>>>

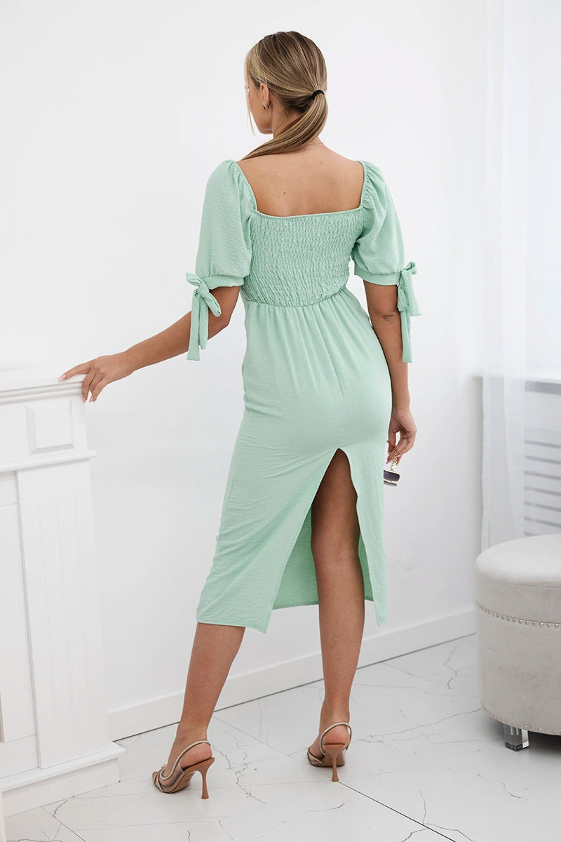 Šaty volánové vzadu so zviazanými rukávmi tmavá mäta univerzálne
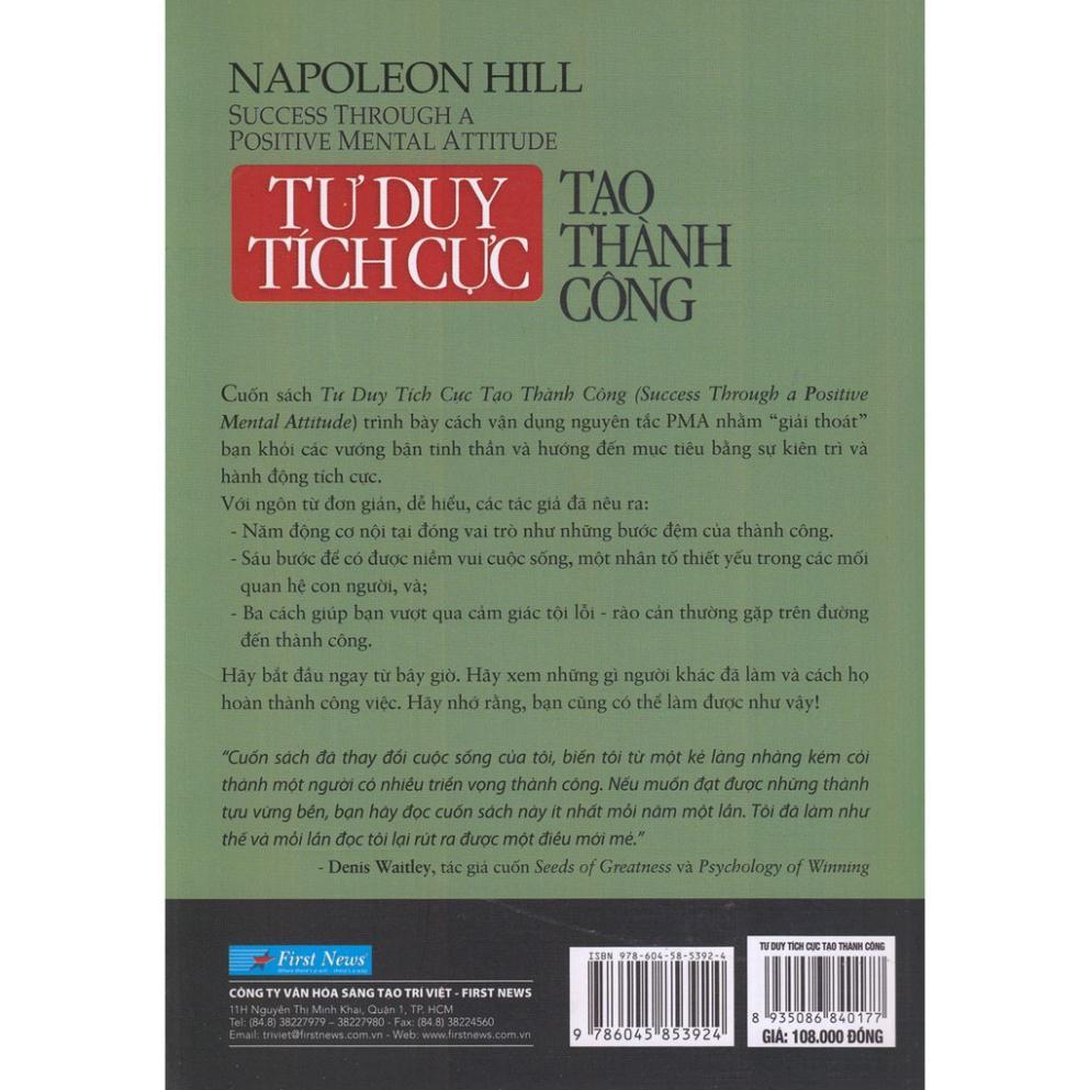 Tư duy tích cực tạo thành công giúp khẳng định một sự thật rằng: với thái độ tích cực, bất kỳ ai cũng có thể biến giấc mơ của mình thành hiện thực. Tư duy tích cực tạo thành công (Success Through a Positive Mental Attitude) trình bày cách vận dụng nguyên tắc PMA nhằm “giải thoát” bạn khỏi các vướng bận tinh thần và hướng đến mục tiêu bằng sự kiên trì và hành động tích cực.
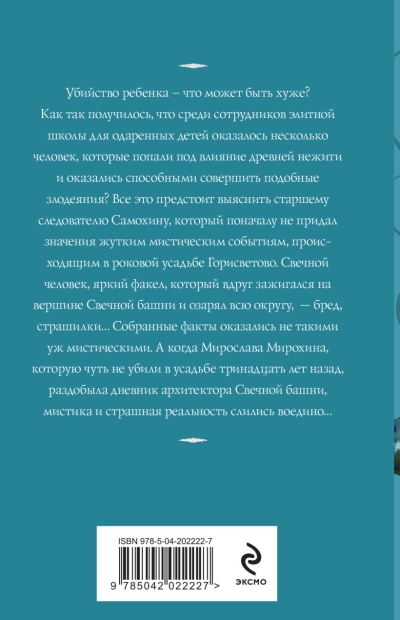 Tas viss ir jānoskaidro vecākajam izmeklētājam Samokhinam, kurš sākotnēji nepiešķīra nekādu nozīmi briesmīgajiem mistiskajiem notikumiem, kas norisinās liktenīgajā Gorisvetovas īpašumā. Sveču vīrs, spožā lāpa, kas pēkšņi iedegās Sveču torņa virsotnē, izgaismojot visu apkārtni - blēņas, šausmu stāsti... Apkopotie fakti izrādījās ne tik mistiski. Un, kad pirms trīspadsmit gadiem muižā gandrīz nogalinātā Miroslava Mirokhina nokļuva Sveču torņa arhitekta dienasgrāmatā, mistika un šausmīgā realitāte saplūda vienā...
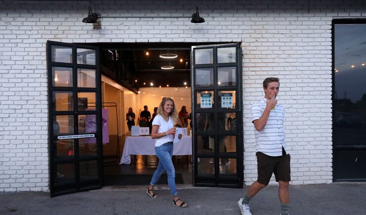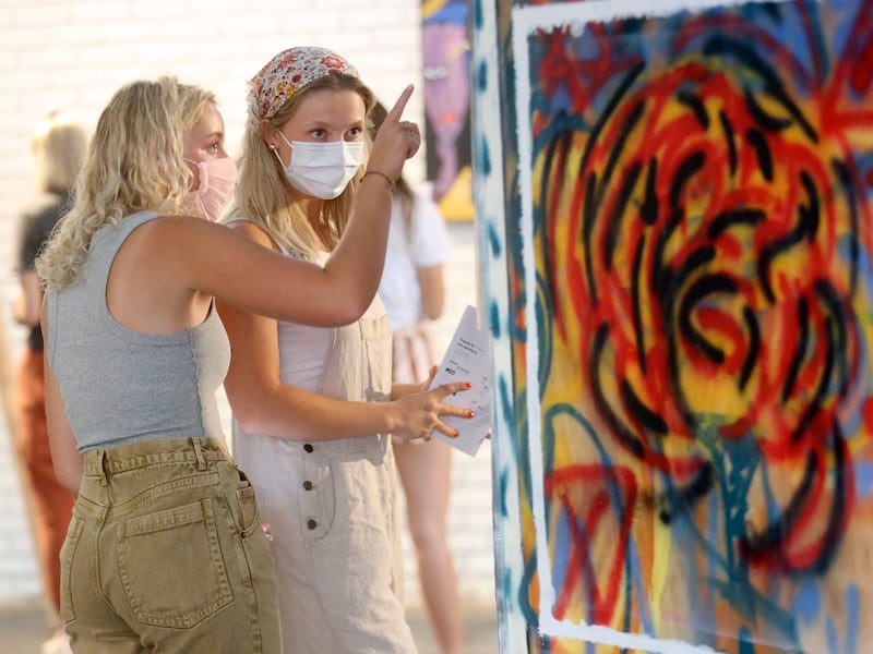 Several months after hearing the internships she’d applied to weren’t happening, Ballstaedt ushered people inside a well-lit building for an art show. Pieces lined the brick walls and patrons bustled about the bright space Friday and Saturday night.
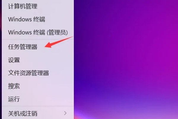 1、右键单击开始按钮,选择任务管理器,如下图所示。
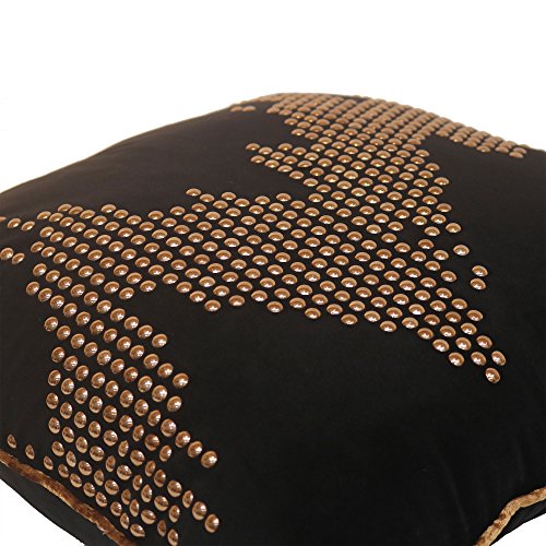 Valery Madelyn Luxury Gold Black Christmas Cushion Covers Decorative Canvas And Velvet Pillow Covers with Embroidery And Nailhead Studs Design (Set of 2, 45x45cm)
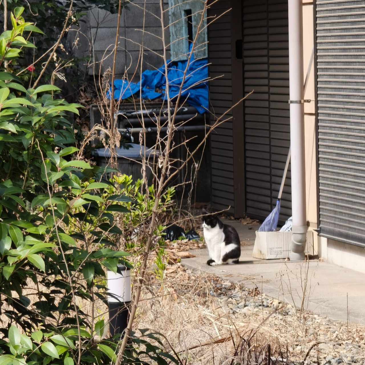 遠くにハチワレ猫ちゃんが。
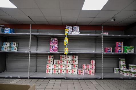 In the shops, basic necessities are taken by storm, leaving the shelves empty and ransacked. Paws, rice, sugar, flour, egg, milk, household products, toilet paper.
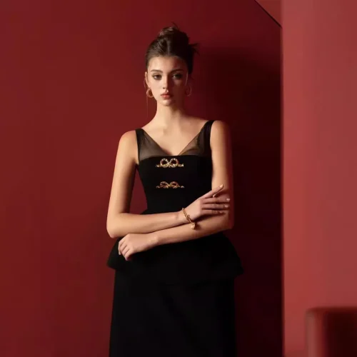 2024 New Women’s Fashion Black Long Dress Socialite Style Waist Slimming Elegant Women Dress Set
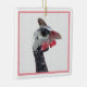 at christmass as a hanging decration for the chritmass tree.. its white porcline or cramic but very well made with added photo on one side.. also has a lovley red bag to keep it in.. execlent printed text in bold and black stands out well aganst the blue background of the photo.
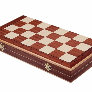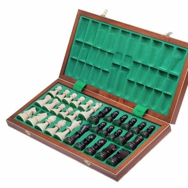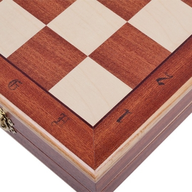 Las figuras Staunton vienen acompañadas de un gran tablero plegable, con dimensiones de 50 x 50 x 3 cm abierto (50 x 25 x 6 cm plegado) incrustado en madera de caoba y de sicómoro. Tiene un espacio para el almacenamiento de las piezas de ajedrez en su interior.
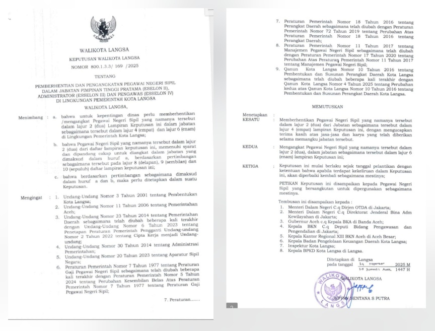Pelantikan tersebut berdasarkan keputusan Wali Kota Langsa Nomor 800.1.3.3/ 169 /2025 tentang Pemberhentian dan Pengangkatan Pegawai Negeri Sipil dalam Jabatan Pimpinan Tinggi Pratama (Eselon II), Administrator (Eselon III) dan Pengawas (Eselon IV) di Lingkungan Pemerintah Kota Langsa.
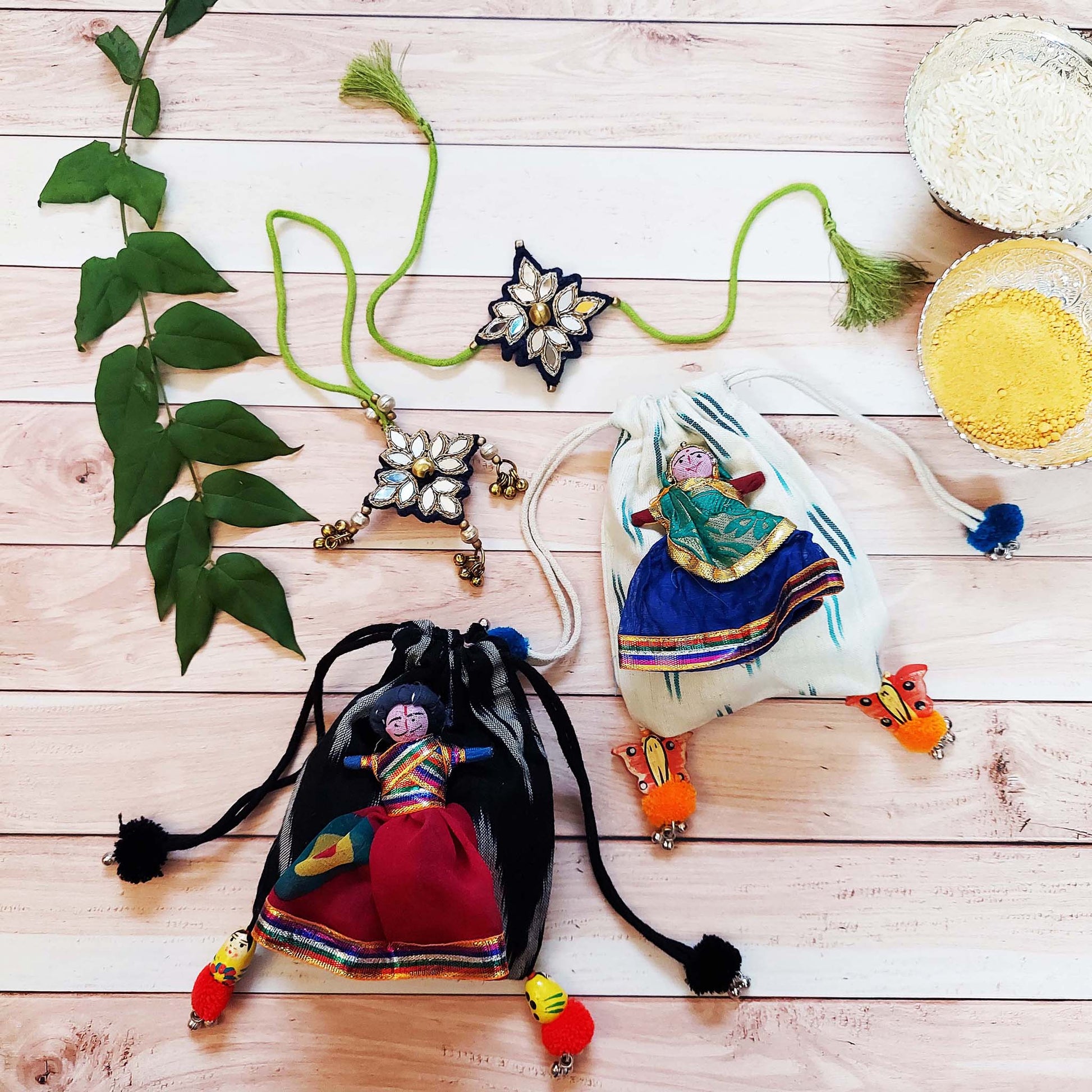 A pair of Ikat Potlis with Rajasthani Kathputlis and a mirrorwork Rakhi Lumba set
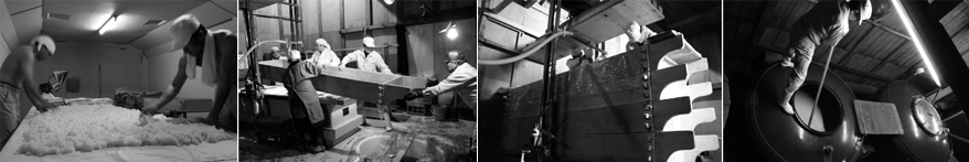 「もろみ」をひとつひとつ、人の手で袋詰めし、丹念に積み重ねて、上からゆっくりと圧をかけてお酒を搾るのです。余分な雑味が出ないようにするため、一回めはもろみ自身の重さで、その後、徐々に圧力を加え、3~4日間かけてゆっくりと搾っていきます。
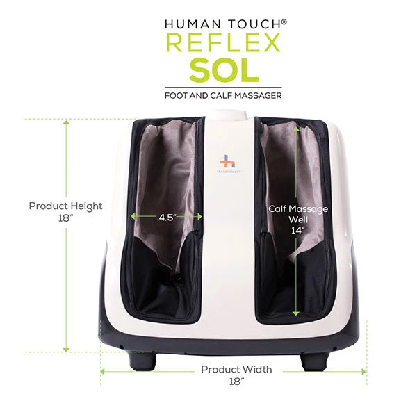 The Human Touch® Reflex SOL Foot and Calf Massager incorporates CirQlation and Figure-Eight technologies that are designed to emulate those of a professional masseuse. Massaging the feet and calves in an upward, rolling, or wave-like motion, and forcing blood away from the feet and toward the core of the body, helps to improve circulation.
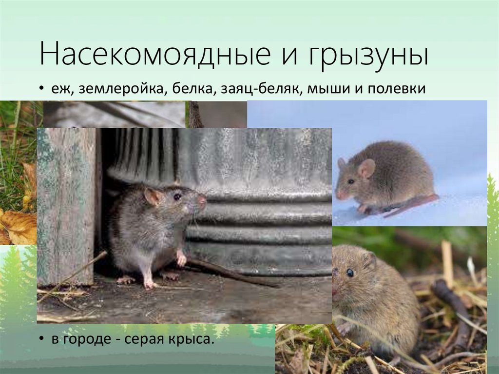 Насекомоядные и грызуны• еж, землеройка, белка, заяц-беляк, мыши и полевки
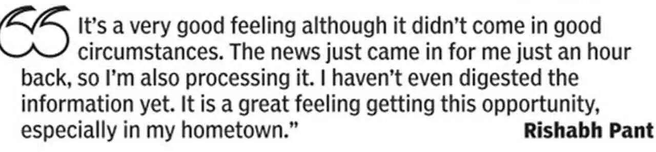 "It's a very good feeling, although it has not come in good circumstances. The news came in just an hour back, so I am also processing it. I really want to thank the people who have stood by me through thick and thin," Pant said while addressing the media.

<<<

▶ GOAL OF THE EXERCISE
The stretch above running from the line with "In the shops, basic" through the line with "2024 New Women’s" is all you should copy, exactly, leaving out the pictures.

▶ ANSWER SECTION
 In the shops, basic necessities are taken by storm, leaving the shelves empty and ransacked. Paws, rice, sugar, flour, egg, milk, household products, toilet paper.
 2024 New Women’s Fashion Black Long Dress Socialite Style Waist Slimming Elegant Women Dress Set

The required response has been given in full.